Material provided —
○ ○ ○ ○ ○

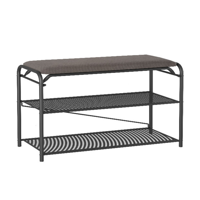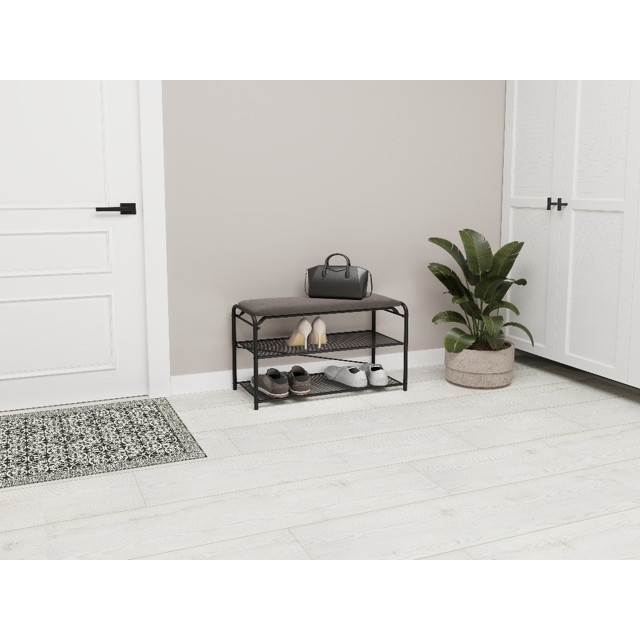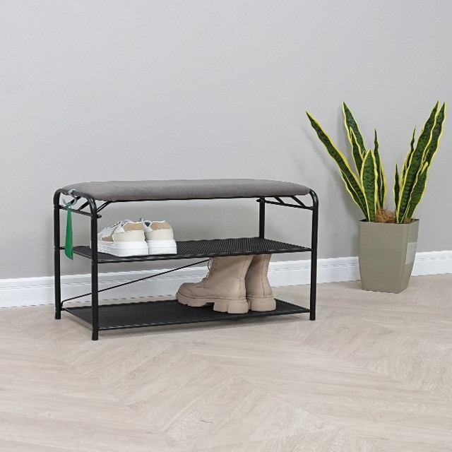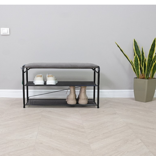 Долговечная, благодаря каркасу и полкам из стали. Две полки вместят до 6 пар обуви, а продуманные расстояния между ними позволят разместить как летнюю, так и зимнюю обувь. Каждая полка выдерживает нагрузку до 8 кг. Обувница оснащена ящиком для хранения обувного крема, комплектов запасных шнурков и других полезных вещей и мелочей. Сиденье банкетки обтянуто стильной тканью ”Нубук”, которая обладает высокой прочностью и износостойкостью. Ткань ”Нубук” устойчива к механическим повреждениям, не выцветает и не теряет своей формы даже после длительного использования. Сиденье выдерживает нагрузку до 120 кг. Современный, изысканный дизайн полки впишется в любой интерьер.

○ ○ ○ ○ ○

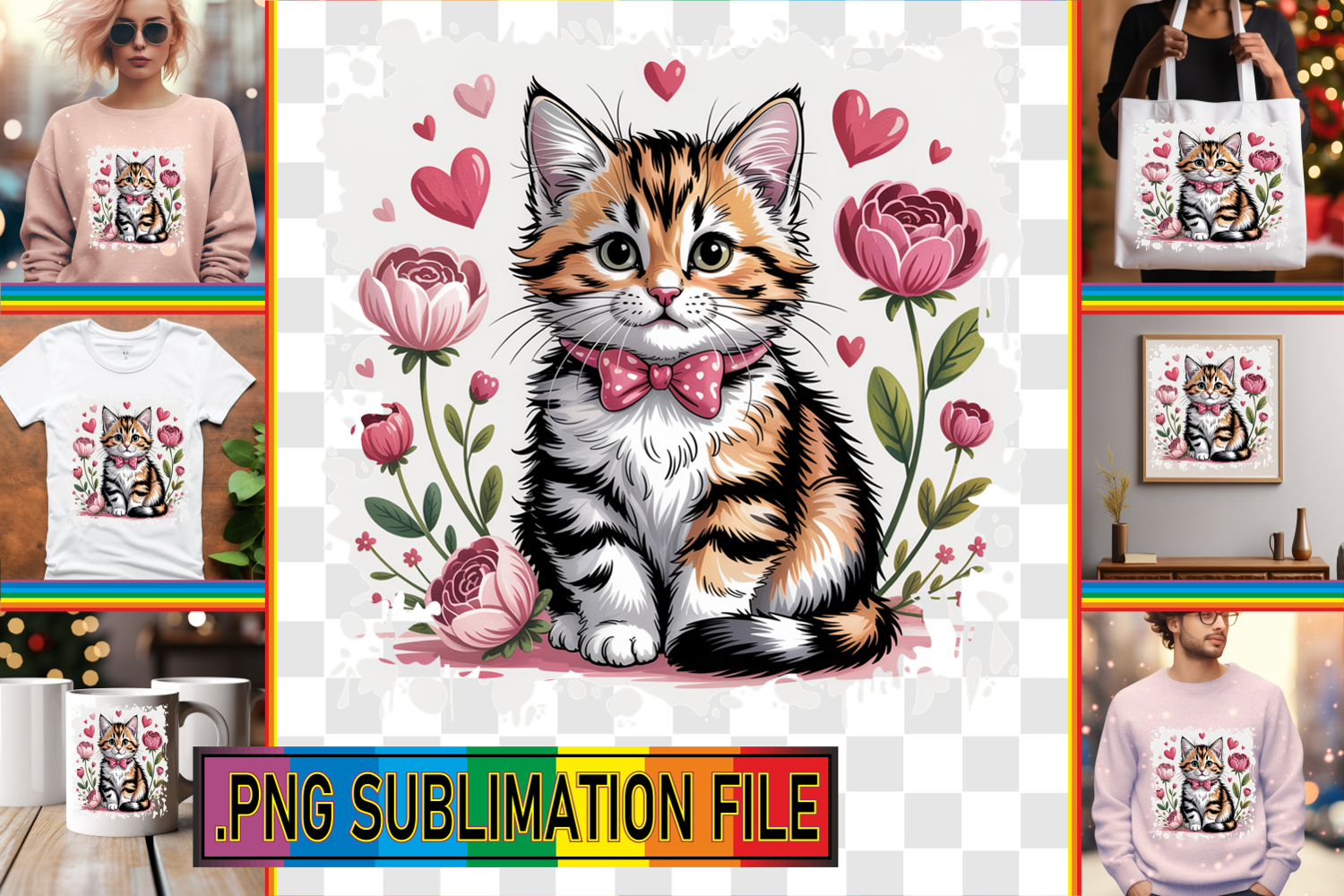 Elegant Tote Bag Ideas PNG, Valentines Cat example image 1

○ ○ ○ ○ ○

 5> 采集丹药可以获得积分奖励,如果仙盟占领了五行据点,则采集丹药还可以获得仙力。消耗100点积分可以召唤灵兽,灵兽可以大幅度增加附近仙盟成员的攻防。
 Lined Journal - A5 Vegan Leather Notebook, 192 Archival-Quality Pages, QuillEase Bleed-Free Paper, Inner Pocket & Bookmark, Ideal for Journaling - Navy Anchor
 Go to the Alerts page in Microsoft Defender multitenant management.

○ ○ ○ ○ ○

Activity —
Retype exactly the span of lines from the one with "Lined Journal - A5" through the one with "Go to the Alerts"; include both ends and omit the rest of the material.

Answer space —
 Lined Journal - A5 Vegan Leather Notebook, 192 Archival-Quality Pages, QuillEase Bleed-Free Paper, Inner Pocket & Bookmark, Ideal for Journaling - Navy Anchor
 Go to the Alerts page in Microsoft Defender multitenant management.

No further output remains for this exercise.